This course includes four programming assignments and a final project. All assignments must be completed individually unless otherwise specified.

Assignment 1: Language ID

Released: Feb 4, 2025

Due: Feb 18, 2025 at 11:59 PM

Overview

In this assignment, you will build a language identification classifier that distinguishes between six languages:

Some languages can be distinguished easily, because they use different scripts. These six languages, however, use the same (Latin) script with minimal diacritics so it is difficult to hand-craft classifiers based on the presence or absence of particular characters. Indeed, unless you have linguistic training or familiarity with the languages, it is difficult to tell them apart.

How can they be distinguished? A naïve approach is to use word counts as unigram features. However, the number of possible words in a large corpus of five languages is vast. It is essential to look at something smaller — characters.

Even though the six languages use roughly the same characters, the relative frequencies of these characters vary greatly. Thus, using characters as features (unigram character models) is appealing (and fairly effective). It is also true that languages very in their phonotactics, the way in which consonants and vowels combine in sequence. Thus, looking at character ngrams (for small values of n) is also appealing (and effective). Note, however, that as the value of n increases, this approach runs into the same problem as the word unigram model (sparcity). In this scenario, the model is likely to overfit.

Various kinds of classifiers can be used for this application. NB classifiers, for example, are quite effective. However, inference is slow and performance, given the same training set, is likely to be worse than other options. Simple logistic regression cannot be used because this is an n-way (multinomial) classification problem. Multinomial Logistic Regression (Softmax Regression) is a good fit.

Summary

You will perform the following tasks:

  1. Implement a training loop for Multinomial Logistic Regression.
  2. Implement inference for Multinomal Logistic Regression
  3. Determine the optimal order of n for ngrams for MNLR trained on the training set.
  4. Calculate and display a confusion matrix for a trigram model evaluated on the test set.
  5. Inspect the feature weights, and display the most predictive features for each language.

Assignment 2: Language Modelling

Released: February 18, 2025

Due: March 13, 2025 at 11:59 PM

Overview

In this homework, you will be building your first language models. You will be expected to build an n-gram language model and a recurrent neural network (RNN) language model. You will also implement Laplace Smoothing for the n-gram model (a lazy version) to account for unknown words.

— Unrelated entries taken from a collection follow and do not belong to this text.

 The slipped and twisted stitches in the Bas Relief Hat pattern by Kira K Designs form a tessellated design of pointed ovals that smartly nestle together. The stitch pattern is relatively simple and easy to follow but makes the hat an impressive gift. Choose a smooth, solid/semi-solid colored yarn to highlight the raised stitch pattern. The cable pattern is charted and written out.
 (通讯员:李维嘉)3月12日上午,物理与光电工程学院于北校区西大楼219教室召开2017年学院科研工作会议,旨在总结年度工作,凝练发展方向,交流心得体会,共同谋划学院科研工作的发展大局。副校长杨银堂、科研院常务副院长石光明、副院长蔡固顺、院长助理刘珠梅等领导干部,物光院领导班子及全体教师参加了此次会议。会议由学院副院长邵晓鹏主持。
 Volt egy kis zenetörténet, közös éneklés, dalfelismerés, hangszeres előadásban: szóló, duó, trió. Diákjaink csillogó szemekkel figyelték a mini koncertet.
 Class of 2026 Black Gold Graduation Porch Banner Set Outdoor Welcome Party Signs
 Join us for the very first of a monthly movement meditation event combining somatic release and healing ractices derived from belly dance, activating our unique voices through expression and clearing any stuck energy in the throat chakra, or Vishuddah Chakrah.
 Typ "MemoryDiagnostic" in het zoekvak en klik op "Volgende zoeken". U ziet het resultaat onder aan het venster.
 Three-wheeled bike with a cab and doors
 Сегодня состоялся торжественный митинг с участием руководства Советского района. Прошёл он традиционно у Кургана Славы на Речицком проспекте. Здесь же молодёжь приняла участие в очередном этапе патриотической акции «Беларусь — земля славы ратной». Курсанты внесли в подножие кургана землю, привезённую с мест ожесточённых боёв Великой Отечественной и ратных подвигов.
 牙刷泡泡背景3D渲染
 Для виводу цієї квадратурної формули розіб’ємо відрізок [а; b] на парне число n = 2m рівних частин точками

This assignment will be submitted via Gradescope in two parts. Upload both deliverables to Gradescope:

  1. Programming: Paste the functions and classes from the notebook into two files called ngram_lm.py and rnn_lm.py, which are included in the handout. Upload these files without zipping them.
  2. Written: Submit answers to the questions as a PDF file.

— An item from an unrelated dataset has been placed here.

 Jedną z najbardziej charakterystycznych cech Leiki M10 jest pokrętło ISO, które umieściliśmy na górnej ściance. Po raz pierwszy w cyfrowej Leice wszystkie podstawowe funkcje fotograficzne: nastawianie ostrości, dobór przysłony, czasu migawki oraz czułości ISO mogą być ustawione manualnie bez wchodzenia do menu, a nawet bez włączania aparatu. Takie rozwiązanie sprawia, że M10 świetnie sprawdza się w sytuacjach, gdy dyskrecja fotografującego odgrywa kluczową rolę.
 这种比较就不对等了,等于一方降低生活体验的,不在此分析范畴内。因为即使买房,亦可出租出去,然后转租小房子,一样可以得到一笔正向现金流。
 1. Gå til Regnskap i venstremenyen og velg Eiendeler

Assignment 3: Clickbait Detection

Released: March 13, 2025

Due: March 25, 2025 at 11:59 PM

Overview

In this assignment, you will implement text classification systems to detect clickbait headlines. You will work with word embeddings and analyze their effectiveness for this task.

Learning Objectives

  • Implement neural text classifiers for binary classification
  • Work with pre-trained word embeddings
  • Analyze model performance and feature importance
  • Compare different classification approaches

Tasks

  1. Implement a neural classifier for clickbait detection
  2. Use pre-trained word embeddings
  3. Analyze model performance on different types of headlines
  4. Evaluate and compare classification approaches

Assignment 4: Named Entity Recognition

Released: March 25, 2025

Due: April 15, 2025 at 11:59 PM

Overview

In this assignment, you will implement a named entity recognition system using sequence modeling techniques. You will explore different architectures and evaluate their performance.

Learning Objectives

  • Implement sequence labeling architectures
  • Work with contextualized word representations
  • Train and evaluate NER systems
  • Analyze model behavior and output quality

Tasks

  1. Implement a sequence labeling model
  2. Incorporate contextual information
  3. Train models on annotated data
  4. Evaluate NER performance using precision, recall, and F1 score

Final Exam

Date: TBD

Overview

The final exam will cover all topics discussed throughout the course. It will include a mix of conceptual questions and problem-solving tasks.

Format

The exam will consist of 4-5 questions with multiple parts. The questions will be designed to test conceptual understanding rather than recall of facts. The exam is open book and open notes but non-collaborative.

Preparation

To prepare for the exam, review lecture materials, complete all assignments, and participate in the review session. Practice applying the concepts to novel problems rather than memorizing solutions to specific examples.